Retinography, one of the most used non-invasive medical techniques in the analysis of the human visual system, refers to the clinical procedures used by highly qualified specialists to capture images that are further trained for the analysis, screening and diagnosis of specific visual diseases. The goal of a diabetes screening program is to detect and diagnose diseases before they cause vision loss. The mass screening program utilizes computer fundus images of the retina with or without mydriasis (dilated pupil) to diagnose eye diseases. Automatic retinal analysis can improve the performance of a detection program over manual imaging.

Diabetes Retinopathy (DR) is a retinal disease caused by the long standing diabetes mellitus (DM) (Niemeijer, et al., 2009; Junior, et al., 2013; Rahim, et al., 2016;). DR is the leading cause of blindness in people between the ages of 20 and 60. The likelihood of developing DR is 78% if the patient is over 30 years of age and has had diabetes for more than 15 years (Junior, et al., 2013; Marin et al., 2015). As a result of DR, the surface of the retina is severely damaged. Cotton wools, microaneurysms, exudates and haemorrhages are the primary lesions indicating the presence of DR. Microaneurysms (MAs) are lesions that appear at an early stage of the disease, and the number of MAs increases with the progression of the disease (Adal, et al., 2014; Rahim, et al., 2014). Haemorrhages are likely an injury that occurs after MAs. When the vascular tree of retina leaks blood, it forms haemorrhages (Jitpakdee, et al., 2012; Inbarathi & Karthikeyan, 2014). Thus, the diagnosis of haemorrhages and MAs is an essential part of the automatic diagnosis of retinal diseases at an early stage (Fleming, et al., 2006; Bae, et al., 2011; Rahim et al., 2016). At a later stage, a yellowish-white plasma begins to flow from the blood vessels, which is called hard exudates (Walter et al., 2002). Along with the exudates, a cotton wool appeared - a silver stain caused by the leakage of fat from the vessels. Haemorrhages, MAs, and exudates are features of non-proliferative diabetic retinopathy (NDPR) which is an early stage of DR. An advanced stage of DR, referred to as proliferative diabetic retinopathy (PDR) (Shah & Han, 2004; Danis & Davis, 2008), can have the main blood vessels of the retina entirely blocked. To supply the oxygen, new blood vessels develop, called abnormal blood vessels (DRSRG, 1981; Welikala, et al., 2014). The patient's vision has a significant impact in PDR. The main problem with DR is its asymptomatic nature as it does not affect vision until it reaches a higher level. DR can affect one or both eyes at the same time.
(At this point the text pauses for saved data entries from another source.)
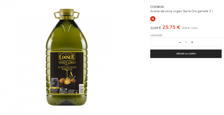Se trata de un aceite de oliva virgen 'Serie Oro', cuya garrafa de 3 litros se encuentra a un precio asciende a 25,75 euros, por lo que el litro se ubica en 8,58€, lo que implica una rebaja de un 17%, ya que antes se vendía a 30,99€.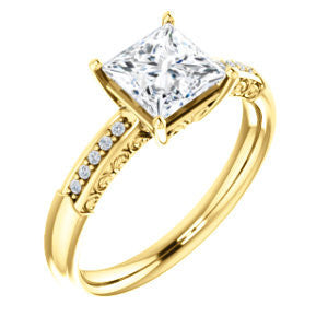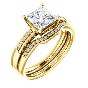 Center Stone Shape: Princess Cut (as pictured). See this customizable ring set with other available center stone shapes here: customize setting.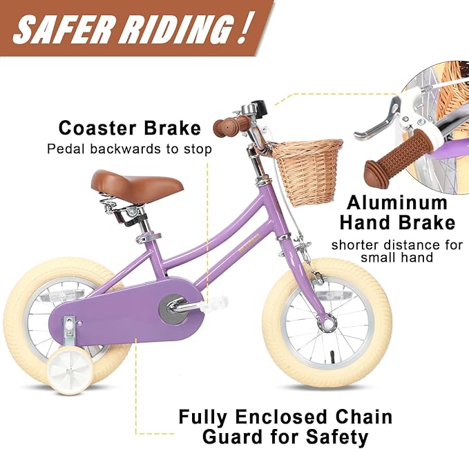 - 【Safe & Durable】- Coaster brake makes it easy to learn. Enclosed chain guard prevents your little one touching the chain. Durable high tensile steel construction provides long-lasting reliability, backed by a LIFETIME warranty on the frame.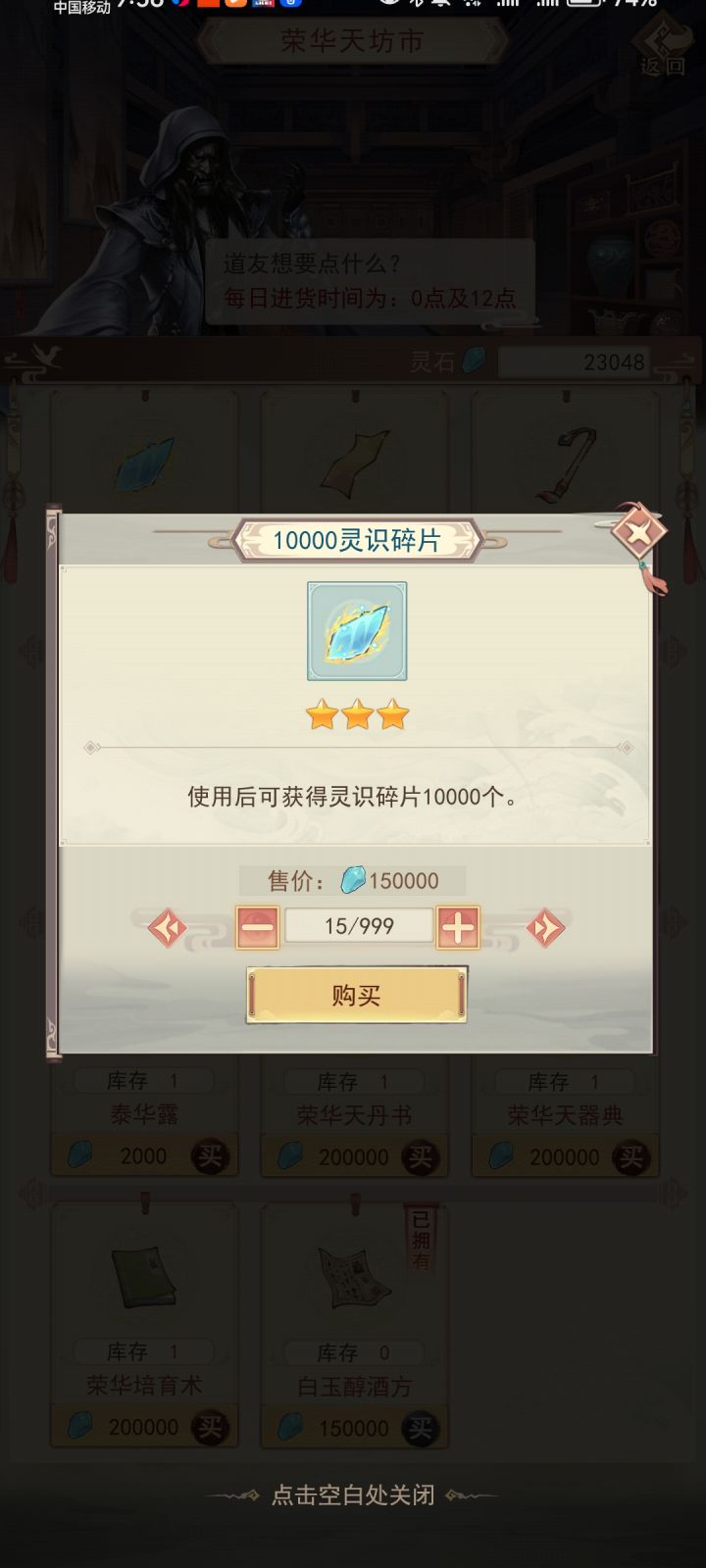 终于遇到bug了 在荣华天,我花15w灵石买灵识结果给我来个酒方? 官方出来一下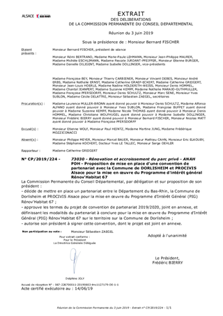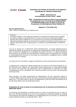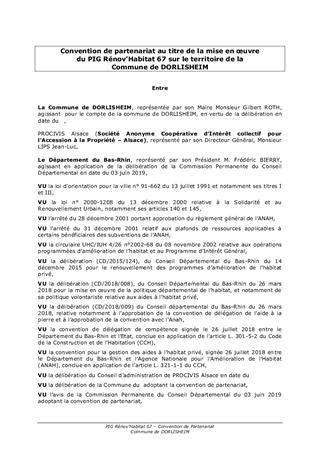 Le présent rapport a pour objet de proposer à la Commission Permanente de décider de mettre en place un partenariat pour la mise en œuvre du Programme d'Intérêt Général (PIG) Rénov'Habitat 67 sur le territoire de la Commune de DORLISHEIM. Il est également proposé d'approuver les termes du projet de convention à conclure pour la période 2019-2020 entre le Département, la Commune de DORLISHEIM et PROCIVIS Alsace.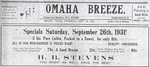 As a note, the last basketball game of the Omaha School was played against Avinger and the score was 17-16 in favor of Omaha.

Fundus color images of the retina include various structures such as blood vessels, optic disc, fovea and red lesions such as haemorrhages and MAs. Haemorrhages and MAs comes under dark lesions, while cotton wools and exudates are deliberated as bright lesions. To diagnose fundus imaging lesions, the retinal morphological structure must be removed. Mathematical morphology is utilized to find the location of fovea, vascular trees, and optic disc segmentation (Dougherty & Lotufo, 2003).